6 Matching Annotations
  1. Oct 2015
    1. literary works created with the use of a computer for the electronic medium such that they cannot be experienced in any meaningful way without the mediation of an electronic device

      According to this definition, a script even though typed is not e-lit but movie made out of it, is e-lit. A book on Harry Potter (even an e-book) is not e-lit but the movie surely is...Have I interpreted this correctly?

    2. such that they cannot be experienced in any meaningful way without the mediation of an electronic device

      By adding the absolute word "cannot" (though softened perhaps a bit by adding "meaningful way"), this seems a narrower definition than the previous one, which I'm fine with.

      BTW, if this e-lit course is held a second time, you'll have to find new pages to annotate, as these ones have already slowed to a crawl with all the multiple highlights over the same text. I hope the devs of Hypothes.is are watching!

    1. (diskettes sold by mail order)

      So not only were these early e-lit efforts probably created using non-open software, they were distributed using now-obsolete physical media?
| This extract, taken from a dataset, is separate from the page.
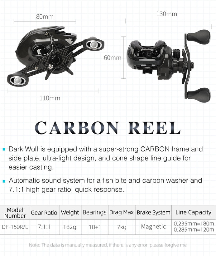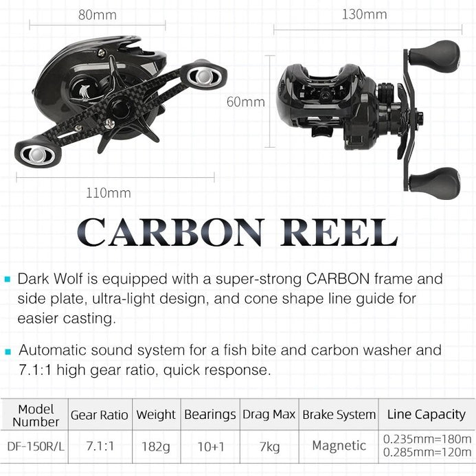 Unleash the power of the Tsurinoya DARK WOLF Baitcasting Reel. With a 7.1:1 gear ratio and 7KG max drag, this reel is built for speed and strength. Weighing in at just 182g and featuring 10+1BB, it's the perfect combination of lightweight and durability. Catch more fish with the DARK WOLF!

I hope someone somewhere has backed them all up to modern formats and media.

    1. samplereality

      Adding text to a highlight makes it a note (and gives you the chance to make it public), whereas highlights default to private I think).

    2. bookmarklet

      This is a note - I'm not 100% sure what the difference is between notes and highlighting, yet, since we can add comments to notes and notes generate highlights?